Small Business won’t thank driver of Bill Bus
CCIQ is delighted that Opposition Leader Bill Shorten is making Far North Queensland the first stop on his regional bus tour where he will get to meet many of the 22,049 small businesses that call the region home and contribute to the employment of over 110,000 locals across every imaginable industry.
Hopefully the businesses will take the opportunity to visit the tour bus and engage with Mr Shorten at one of the town hall events where they can ask why he seems intent on shifting their economic goalposts and making their lives harder, ignoring the advice of the Fair Work Commission, yet all the while turning a blind eye to the activities of the union movement who have done more to harm the pay-packets of workers on a Sunday than any of the region’s small businesses.
Any small businesses attending the town hall should ask Mr Shorten:
- Why can big businesses pay $7.15 or almost 20 per cent less per hour on a Sunday than small businesses?
- Why does Bill Shorten oppose the cut to penalty rates that will help small business yet didn’t oppose the EBA negotiated by the unions that mean workers earn less and big business get another leg up?
- Will Bill Shorten endorse workers leaving their unionised roles and going to work for small business where they will be paid more for their Sunday labour?
- When penalty rates were traded away by the unions as part of their sweetheart deals with big business where were Labor’s objections?
- What message does Bill Shorten have for the workers who get paid far less on a Sunday than those who operate under an award?
The irony of the bus tour and penalty rates campaign is that they are not ending with a mass demonstration outside the offices of the union movement, according to the Chamber of Commerce and Industry Queensland (CCIQ).
CCIQ says it is the union movement that has done more to harm workers’ pay packets on a Sunday than the Fair Work Commission decision to bring a balance to Sunday penalty rates.
Australia’s three largest employers are Coles, Woolworths, and McDonalds. They all operate under Enterprise Bargaining Agreements (EBA) that allow them to pay less in wages on a Sunday than any small business.
Enterprise bargaining is a legislated process of negotiation that occurs between the employer, employees and the relevant union to create an enterprise agreement.
Under union-negotiated agreements, Coles, Woolworths and McDonalds pay less penalties to a casual worker on a Sunday than a small business does.

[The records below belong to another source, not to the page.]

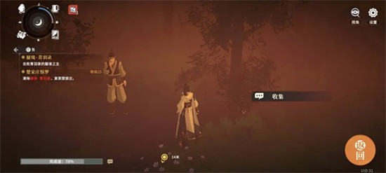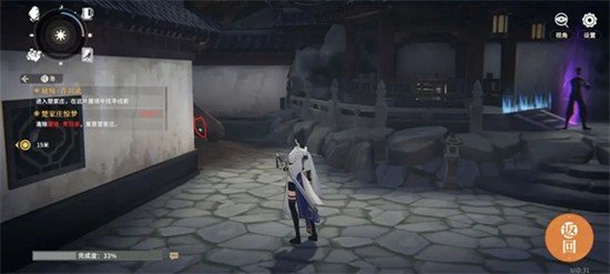 楚家庄是本章节的重点区域之一,包含多个独立谜题和支线任务。第一个谜题线索藏在树后,玩家需绕到特定树木的背面才能发现隐藏信息。该位置容易被忽略,建议对场景中的每棵树都进行排查。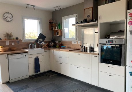La maison se situe dans un quartier calme avec une superbe vue depuis la terrase sur les Pyrénées.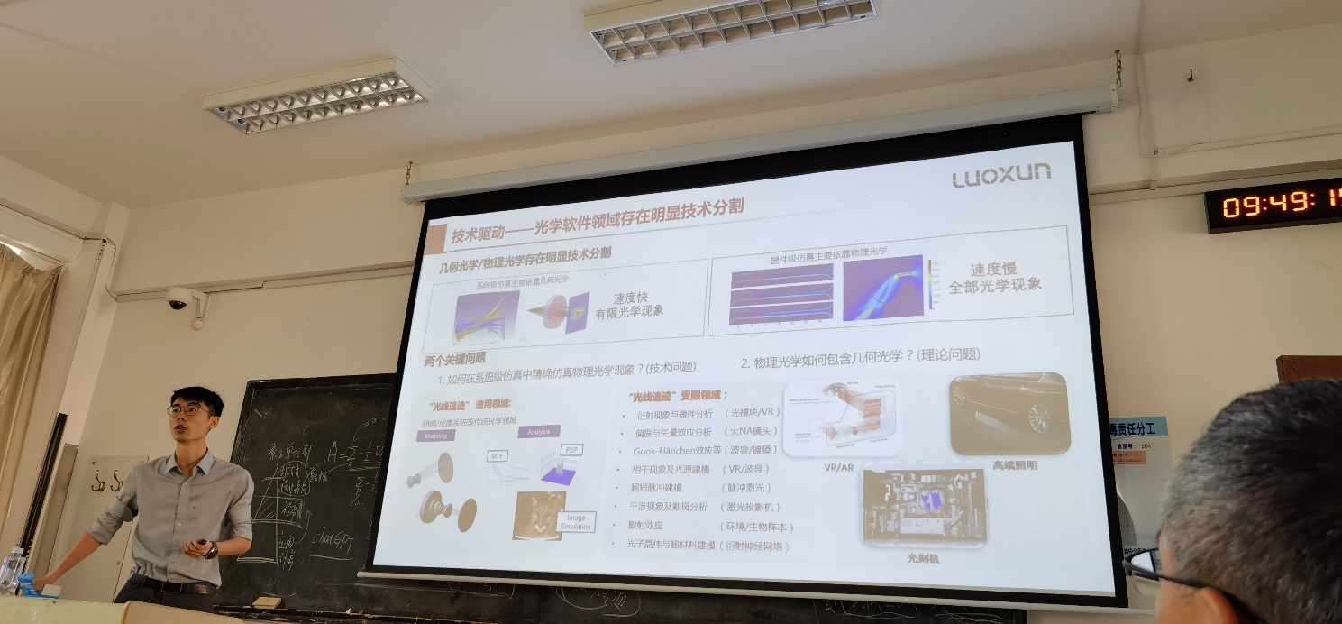 建模与设计已成为光学科技发展中不可或缺的要素。应用场景的多样性对仿真平台提出极高要求,以物理光学为基础搭建仿真平台已成为业内共识。刘智帅深入介绍物理光学建模与设计的突破性概念、光子设计自动化(Photonic Design Automation, PDA)工具的核心策略以及团队的研发产品——基于物理光学的系统级光学CAE软件VirtualLab Unity。该产品以光学软件领域存在明显技术分割为技术驱动,通过求解器联通实现系统级仿真,结合逐点物理光学算法,可实现物理光学对几何光学的向下兼容。该框架平台具有良好的通用性,通过多类型不同精度的求解器集成,可实现逐点/积分运算的无缝切换,可适用于成像、光通信、VR/AR等多种领域的应用。报告最后,刘智帅与全体师生进行了深入交流,结合自身的出国留学及研究经历,为本科生和研究生未来的求学和职业发展规划做了系统分析,并一一解答了老师同学们提出的问题。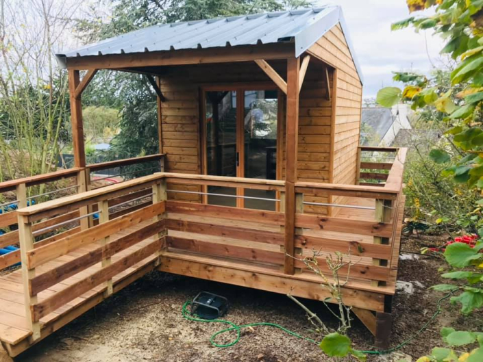 Construction d’une plateforme sur pilotis avec cabane de jardin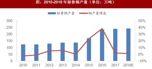 2017年铜精矿产量较2016年有所下降。根据数据,2017年全球铜精矿(含铜金属量)产量达1984万吨,同比减少1.45%。2017年铜矿产量减少与全球矿产资源品位下降、智利工人罢工等因素有关。因智利国家铜业旗下的矿山品位下降及必和必拓旗下escondida长达44天罢工带来产量减产,2017年,智利铜产量达到约550万吨,较2016年同期减少0.9%,若escondida铜矿恢复以前产能,2018和2019年智利铜产量持续增加至574万吨和591万吨。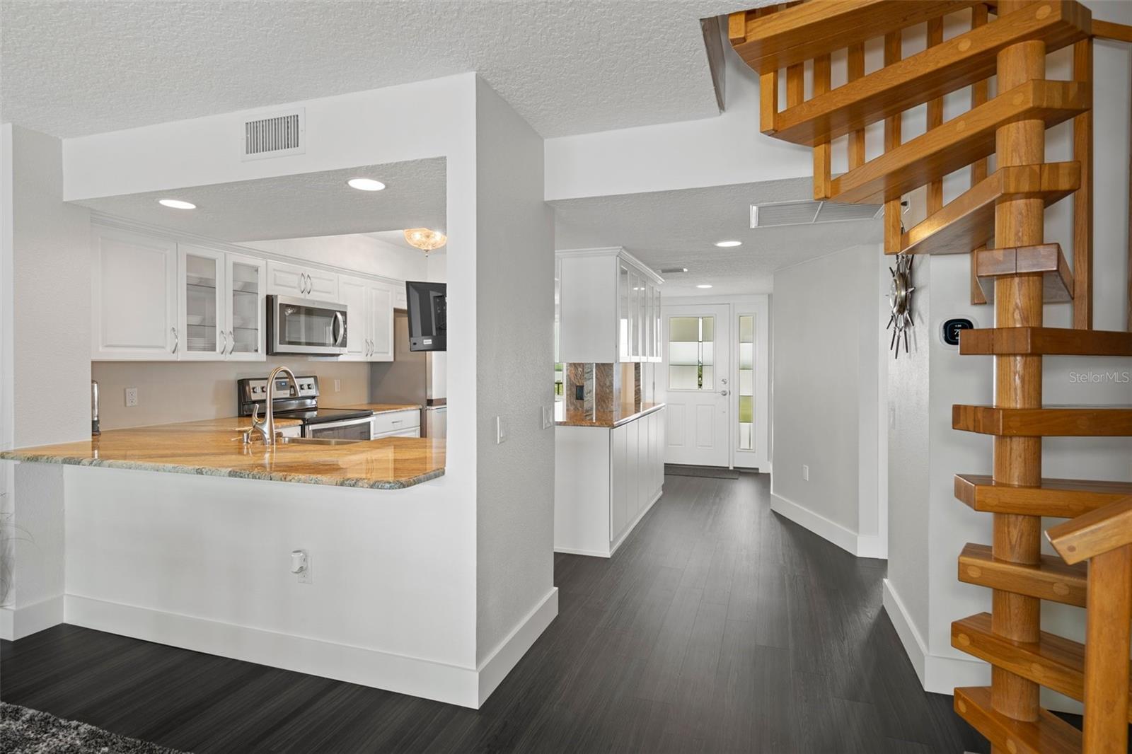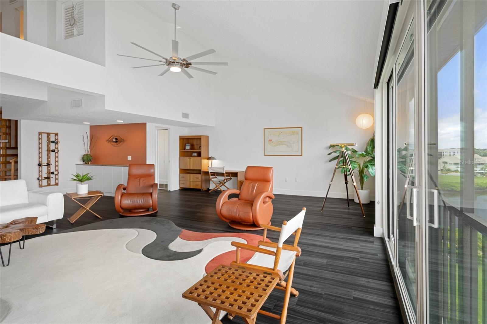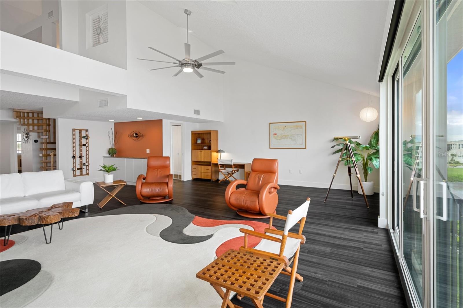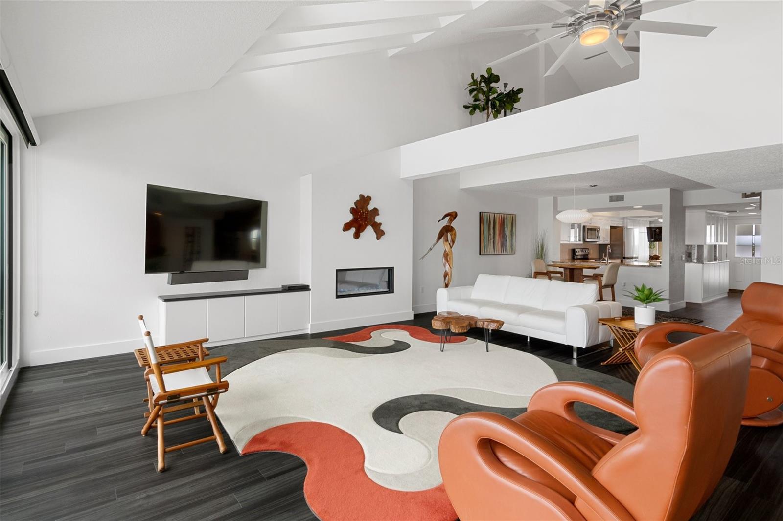 AMAZING, TWO STORY, PENTHOUSE condo with direct waterfront view of the Gulf of Mexico. There are only EIGHT units in all of Sand Pebble that boast this floor plan- and they don't come on the market very often. Don't miss this opportunity! The interior of this spacious unit is truly breathtaking. The kitchen has been updated with white cabinets, stainless appliances, island, built in pantry and extra storage. 25" TV . The main living area offers very high vaulted ceilings. This great room has a built in electric fireplace, 75" TV, built in display cabinets with windows and sliders providing a panoramic view of the waterfront. Sun shades on window and sliding doors, dormer windows have black out shades operable with remote. In the front of the condo is the large guest bedroom with deep closet and plantation shutters, the guest bath with new vanity, new toilet and Tub/Shower. Off of the great room there is a 1/2 bath with laundry closet. This 1/2 bath has a new vanity and new toilet. Just up the spiral staircase you will find the very large master bedroom/loft with view of the Gulf of Mexico through dormer windows and access to a large master bath with jetted tub, his/her new vanities and large WIC shower. Mirrors open as medicine chests. Skylight in master loft and master bath provide extra natural light. UPDATES: AC 2009 per Owner, Range 2017, Hot water heater 2020, Water softener 2020, Dishwasher 2020, Microwave 2021, Refrigerator 2024, All new Weather Tight windows throughout and new sliders (impact resistant). Luxury Vinyl Plank flooring throughout. Knock down texture on ceiling throughout (no popcorn). One reserved parking space under the building #57 and one reserved storage locker #57. Community offers 24 hr manned gate, waterfront boardwalk, private beach, waterfront pool, fishing pier, boat ramp, clubhouse with game tables, fitness and library, Tennis, Pickleball and Putting green! Close to all conveniences: shopping, waterfront dining, medical, historic downtown New Port Richey (restaurants, nightclubs, live theatre, shopping, The Hacienda Hotel, Simms Park-with seasonal festivals and activities). Approx 20 min to Tarpon Sponge Docks, Fred Howard Park, The Aquarium, Freedom boat club, Approx 40 minutes to Caladesi Island and Honeymoon Island and downtown Dunedin, and Approx 60 min to famous Clearwater Beach and Tampa. Tampa offers an international airport, international cruise port, sports arenas, theme parks, live theatre, fine dining, Ybor city and so much more! Over 1800 sq feet of direct GULF front condo living is VERY hard to find at this price - call today!! ***The documented heated sq feet includes area of lanai that has been enclosed, enlarging the great room*** Furnishings are Optional- price negotiable. Few items do not convey- listed in Realtor Only Remarks. NO PETS. NOT AGE RESTRICED. 40 ft RV/BOAT carport with 8 x 10 shed available for separate purchase (after seller offers to current owners x 2 week waiting period), 22 ft Boston Whaler center console available for purchase. **OWNER WILL PAY ASSESSMENT AT CLOSING OR ESCROW FUNDS- SEE REALTOR ONLY REMARKS.

For example, a 21-year-old casual worker at McDonalds will make about $25 an hour on Sunday, whereas those employed by independent small businesses are paid $34 an hour under the current award rates.
Those working in an IGA are paid about 22 per cent more than those working at Woolworths on a Sunday. Under the proposed changes, the rate for small independents is still 7 per cent higher than those secured under Woolworths’ EBA.
A CCIQ spokesman said deals done by unions are responsible for workers at Coles, Woolworths, and McDonalds being paid significantly less than the award wage on a Sunday.
“Small businesses on the other hand are required to pay the award wage on Sundays for their employees,” he said.
“The recent commission decision on penalty rates impacts most of the small business community of Queensland.
“The penalties were not abolished and small businesses did not want them abolished. But they do want balance – a balance between a fair wage for their workers and being able to open their doors and compete.
“The proposed penalty rates are sensible and balanced with what is commercially viable for small businesses to open on Sundays in the hospitality, retail, and fast food sectors.”
The CCIQ spokesman said small business continued to be the lifeblood of the economy with more than 400,000 SMEs across the state employing more than 865,000 people.
“They pay penalties at the award rate. They employ young people and they employ locals.
“According to CCIQ research, they will offer extra shifts, take on more employees and offer extra hours to existing staff – all the while paying a better wage than those negotiated by the unions.
“Mr Shorten’s opposition to the commission determination is absurd. The bus tour only highlights that it is Mr Shorten’s mates in the SDA who are the ones who slashed penalty rates by supporting the big end of town.
“You would assume Mr Shorten would be up in arms about the nation’s biggest employers paying less than the award rate on a Sunday.
“If Mr Shorten wants to pretend he is campaigning for penalty rates, the first call he must make is to the "shoppies" union.
“He should order them to stop cutting sweetheart deals with big business, while small business continues to suffer.
“Where were the self-declared ‘defenders of workers’ rights’ when these agreements were being negotiated?
“Well, they we’re looking the other way as the unions were cosying up at the negotiating table and cutting a deal that eroded workers’ pay on a Sunday.”